Thanks for the update. I know you didn't get much help here. But I found your info helpful. I will be tackling this in mine soon too. :beer:


----------



## FatAce (Jan 30, 2012)

warranty225cpe said:


> Thanks for the update. I know you didn't get much help here. But I found your info helpful. I will be tackling this in mine soon too. :beer:


As will I, whoever gets to it first should post a how to/DIY. Though, I am only installing a head unit.


----------



## warranty225cpe (Dec 3, 2008)

FatAce said:


> As will I, whoever gets to it first should post a how to/DIY. Though, I am only installing a head unit.

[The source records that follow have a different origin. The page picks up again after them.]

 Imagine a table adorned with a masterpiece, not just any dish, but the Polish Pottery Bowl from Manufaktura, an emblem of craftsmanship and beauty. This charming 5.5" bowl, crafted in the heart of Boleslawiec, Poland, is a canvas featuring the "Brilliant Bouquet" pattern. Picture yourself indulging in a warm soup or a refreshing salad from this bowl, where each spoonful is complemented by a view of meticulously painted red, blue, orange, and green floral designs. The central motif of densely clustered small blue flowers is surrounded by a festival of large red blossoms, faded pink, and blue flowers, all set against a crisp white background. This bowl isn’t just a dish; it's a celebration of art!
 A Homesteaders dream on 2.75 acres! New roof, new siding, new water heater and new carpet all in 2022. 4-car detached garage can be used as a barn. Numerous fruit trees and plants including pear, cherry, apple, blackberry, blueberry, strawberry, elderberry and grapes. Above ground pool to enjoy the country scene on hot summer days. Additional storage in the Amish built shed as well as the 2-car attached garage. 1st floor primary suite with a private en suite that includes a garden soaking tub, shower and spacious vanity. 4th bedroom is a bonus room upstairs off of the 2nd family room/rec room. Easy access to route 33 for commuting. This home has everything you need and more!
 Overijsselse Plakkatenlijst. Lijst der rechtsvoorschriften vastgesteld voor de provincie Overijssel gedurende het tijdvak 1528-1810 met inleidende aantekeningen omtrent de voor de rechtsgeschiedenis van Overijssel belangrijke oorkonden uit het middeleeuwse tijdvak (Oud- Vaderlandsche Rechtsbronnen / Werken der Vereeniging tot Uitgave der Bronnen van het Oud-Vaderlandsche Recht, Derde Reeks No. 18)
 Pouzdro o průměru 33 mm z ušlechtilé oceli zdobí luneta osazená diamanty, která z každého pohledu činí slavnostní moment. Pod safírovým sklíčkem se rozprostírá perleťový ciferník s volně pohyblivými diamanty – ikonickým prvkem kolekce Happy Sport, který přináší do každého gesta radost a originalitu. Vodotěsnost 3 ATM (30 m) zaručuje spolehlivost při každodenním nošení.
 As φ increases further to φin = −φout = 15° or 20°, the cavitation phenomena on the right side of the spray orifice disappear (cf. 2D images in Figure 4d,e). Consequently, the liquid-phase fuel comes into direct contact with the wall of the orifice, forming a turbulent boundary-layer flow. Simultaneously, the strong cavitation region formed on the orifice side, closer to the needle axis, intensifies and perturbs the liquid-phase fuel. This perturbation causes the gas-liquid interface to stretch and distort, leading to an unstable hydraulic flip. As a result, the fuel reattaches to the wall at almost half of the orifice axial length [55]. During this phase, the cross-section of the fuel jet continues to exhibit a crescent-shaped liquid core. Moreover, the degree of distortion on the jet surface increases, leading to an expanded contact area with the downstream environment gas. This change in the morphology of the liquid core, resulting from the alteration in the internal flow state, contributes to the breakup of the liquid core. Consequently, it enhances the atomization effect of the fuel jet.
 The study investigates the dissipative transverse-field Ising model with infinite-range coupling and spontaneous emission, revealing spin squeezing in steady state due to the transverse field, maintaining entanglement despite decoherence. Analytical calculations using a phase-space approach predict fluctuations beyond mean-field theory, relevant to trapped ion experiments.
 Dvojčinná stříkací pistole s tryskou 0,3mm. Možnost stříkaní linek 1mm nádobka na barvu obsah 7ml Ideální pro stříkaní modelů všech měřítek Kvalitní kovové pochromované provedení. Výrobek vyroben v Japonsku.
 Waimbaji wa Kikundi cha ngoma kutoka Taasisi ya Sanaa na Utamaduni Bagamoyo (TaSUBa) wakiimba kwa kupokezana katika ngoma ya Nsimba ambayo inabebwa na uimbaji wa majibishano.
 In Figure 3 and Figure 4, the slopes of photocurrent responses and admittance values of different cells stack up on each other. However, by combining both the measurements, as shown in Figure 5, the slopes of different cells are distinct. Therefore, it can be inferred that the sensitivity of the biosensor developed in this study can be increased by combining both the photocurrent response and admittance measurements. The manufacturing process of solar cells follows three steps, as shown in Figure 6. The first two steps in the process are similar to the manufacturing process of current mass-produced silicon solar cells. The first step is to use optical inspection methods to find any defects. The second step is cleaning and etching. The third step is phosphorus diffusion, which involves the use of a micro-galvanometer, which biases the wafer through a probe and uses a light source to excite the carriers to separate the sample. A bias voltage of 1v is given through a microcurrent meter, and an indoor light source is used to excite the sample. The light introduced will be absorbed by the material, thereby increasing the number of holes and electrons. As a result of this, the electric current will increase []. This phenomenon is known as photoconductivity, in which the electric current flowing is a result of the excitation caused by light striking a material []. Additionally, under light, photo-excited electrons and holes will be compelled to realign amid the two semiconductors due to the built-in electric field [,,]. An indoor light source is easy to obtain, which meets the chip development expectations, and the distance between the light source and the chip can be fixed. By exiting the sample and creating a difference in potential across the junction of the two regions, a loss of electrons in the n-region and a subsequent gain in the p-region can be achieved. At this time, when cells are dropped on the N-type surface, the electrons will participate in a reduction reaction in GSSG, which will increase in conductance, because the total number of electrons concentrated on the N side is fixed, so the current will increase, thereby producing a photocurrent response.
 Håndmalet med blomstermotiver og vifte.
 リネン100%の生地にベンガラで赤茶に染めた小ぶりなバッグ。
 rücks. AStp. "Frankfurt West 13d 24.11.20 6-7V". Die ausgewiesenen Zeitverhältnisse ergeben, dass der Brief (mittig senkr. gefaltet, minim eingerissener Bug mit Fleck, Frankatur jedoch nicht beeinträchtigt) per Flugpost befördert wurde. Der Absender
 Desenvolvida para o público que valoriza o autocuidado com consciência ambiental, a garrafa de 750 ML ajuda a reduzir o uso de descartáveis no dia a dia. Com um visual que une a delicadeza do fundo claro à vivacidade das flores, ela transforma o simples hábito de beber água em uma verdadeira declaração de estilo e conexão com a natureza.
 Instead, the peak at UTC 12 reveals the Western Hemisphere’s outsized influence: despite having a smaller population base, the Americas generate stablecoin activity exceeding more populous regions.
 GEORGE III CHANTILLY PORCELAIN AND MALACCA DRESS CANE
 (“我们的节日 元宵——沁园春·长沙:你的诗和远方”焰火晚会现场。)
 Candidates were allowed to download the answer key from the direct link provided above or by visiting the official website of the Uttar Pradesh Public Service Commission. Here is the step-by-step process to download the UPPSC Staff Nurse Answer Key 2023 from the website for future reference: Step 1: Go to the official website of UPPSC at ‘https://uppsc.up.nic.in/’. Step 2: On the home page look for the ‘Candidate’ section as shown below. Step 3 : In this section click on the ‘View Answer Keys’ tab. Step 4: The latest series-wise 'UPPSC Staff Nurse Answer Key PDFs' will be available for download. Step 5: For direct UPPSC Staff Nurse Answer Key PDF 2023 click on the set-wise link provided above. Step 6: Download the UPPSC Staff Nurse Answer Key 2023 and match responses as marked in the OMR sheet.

Im going to do it all eventually. But likely head unit first while I squirrel away speakers/ amps and what not. And I will be sound proofing the entire inside of the car. That will be the first big step. Still havent decided what Im going to use to deaden.


----------



## FatAce (Jan 30, 2012)

I'm going the exact same route, I will be using Dynamat. I pulled the rear seats because I intend to Dynamat shortly after Christmas. I also plan on making a custom rear seat delete and if I feel like going all out I will be incorporating sub boxes into the setup. I found 36 square feet of Dynamat on amazon for $130 which is relatively cheap for what it does. If you haven't yet pulled your rear seats and intend to, you'll notice ride noise is increased substantially.


----------



## esoxlucios (Sep 17, 2009)

[duplicate post deleted by author]


----------



## esoxlucios (Sep 17, 2009)

My solution for my TTCQ:

Replaced head unit with Pioneer MVH-P7300 w/ direct interface to iPhone and Pandora (uses DAC in head unit, rather than iPhone).

Replaced rear speakers with Infinity Kappa 60.7cs 6.5" component system (externally mounted tweeters and woven glass woofers)

Replaced front door speakers with Boston Acoustics reference component system.

Replaced center speaker with a Bohlender Graebener Neo8 planar transducer, pictured below (requires a resister and cap to work properly)

Running the rear speakers is an MTX amplifier mounted alongside the Bose amp. The Bose amp continues to run the door speakers and front center speaker. 

Running subwoofer duties in the back (pictured below), I have a ten-inch Dayton Audio reference series sub and two JL Audio (W3 or W4, I forget which) 8 inch mid-subs. The subs are driven by a 4-channel Kenwood Excelon KAC-X542 amp, supplemented by a 1 Farad capacitor.

The two stereo Bose and MTX amps (four channels), one subwoofer channel, and mid-sub channel are all separately parametric EQ and DSP controlled by a Behringer Ultra-Drive Pro DCX2496 (uses a Monster Cable sin wave power inverter), seen in the picture below. This required me to tap directly into the line in signal for the factory Bose amp.

Alternator whine is reduced by a Newmar 150-A, directly inline between the alternator and car electrical system (the blue thing in the engine compartment, pictured below).










20v Master likes to criticize me for my vendor woes because I've entrusted some mechanical work to shops. Therefore, I'd like to point out that this system works very well, and I did all the research and installation myself.


----------